French manufacturer Triangle presented its eight-driver, three-way Magellan Grand Concert ($70k) flagship with a pair of horn-loaded tweeters with waveguides and paper midranges—one of each rear-firing—and multiple inverted woofers made of a wood and polymer composite. Although the small room was not ideal for a speaker of this size and scale, these towering towers displayed compelling transparency, tonal naturalness, and openness. A listen to my vintage Decca LP of Gerhard’s “Libra” exhibited impressive imaging, spacious soundstaging, and a true sense of air between the instruments adding up to an ear-pleasing experience I was ready to relax into. What struck me most was how freed-up the system sounded, especially given the number of drivers in play. On a practical note, these tall towers come in three sections to ease installation. A pleasant sonic surprise, and a BOS contender.
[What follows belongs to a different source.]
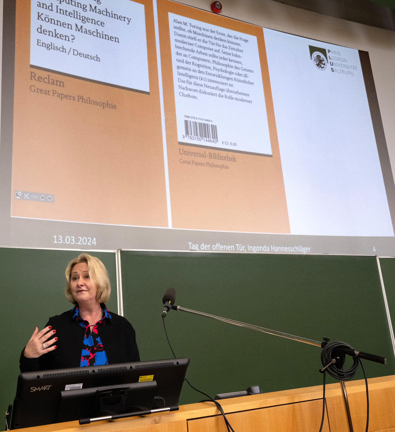 Ingonda Hannesschläger bei ihrem Kurzvortrag im Grünen Hörsaal
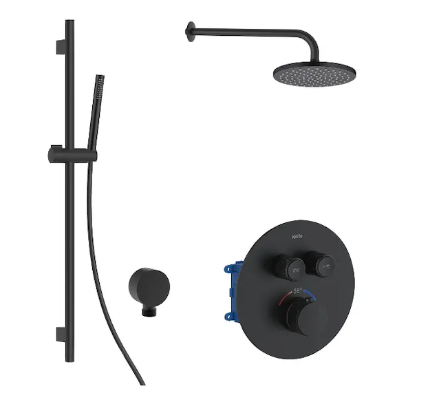 kielle Oudee - Termostatická baterie pod omítku, pro 2 spotřebiče, s příslušenstvím EcoSpare a tělesem, matná černá 20602SPT44

The Lumenwhite Kyara loudspeaker ($49,900) was presented in a striking French Nut wood veneer finish. The drivers, all custom-designed, include a 1-inch ceramic or diamond “cell” tweeter, a proprietary 5-inch “cell” ceramic midrange transducer, and three 6.6-inch “cell” ceradome woofers. Ahead of these three-ways were tube electronics and digital sources from Ayon Audio—adding up to a superb-sounding and detailed demo that I wish I’d stayed longer to enjoy.
Next Level Audio exhibited the exemplary Raidho D1.1 stand-mounted two-ways with recent crossover upgrades ($28,750 in black)—in an eye-popping lime green (~$30k, pictured above)—in a demo paired with the new Aavik Acoustics U-150 integrated amplifier and Ansuz cabling. (For more on the Aavik amp, see Greg Weaver’s show report.) This system offered full, rich sound balanced with high resolution plus substance and musicality…on digital playback no less. Super sound for smaller spaces.
Best of Show
Best Sound (cost no object)
Too many speakers, too little time…I don’t feel I had sufficient listening time to determine this fairly but a few standouts were the Avantgarde Acoustics Trio XD system with four basshorns ($148,700) powered by Esoteric Grandioso electronics; another was High Water Sound’s room with Horning Aristotle Ellipse speakers ($16k) with Arte Forma tube electronics and TW-Acustic AC/3 turntable source; and yeah, those knock-em-dead VSA Ultra11s with VAC electronics packed a punch.
Best Sound (for the money)
The “game-changer” cliché is overused but it applies to the show-stopping $9800 Magico A3. For even less coin, Elac once again delivered the sonic goods with its new DB-62 speakers ($300).
Most Significant Product Introductions
A tie: The buzzworthy Magico A3 and Gayle Sanders Eikon Image 1 loudspeaker system.
Most Significant Trends
The creation of “little brother” versions of ultra-high-end loudspeakers to suit smaller spaces. More color and “lifestyle” finishes available for loudspeakers: Focal, Raidho, Gryphon, Avantgarde Acoustic, etc. Audiophiles, hi-fi fans, and music lovers of a wider age range than usual attended the show.
Most Coveted Products
That crazy Avantgarde Acoustic horn system in its big-time colorful splendor. The Stein Audio Bobby loudspeakers. And some Magico A3s wouldn’t hurt.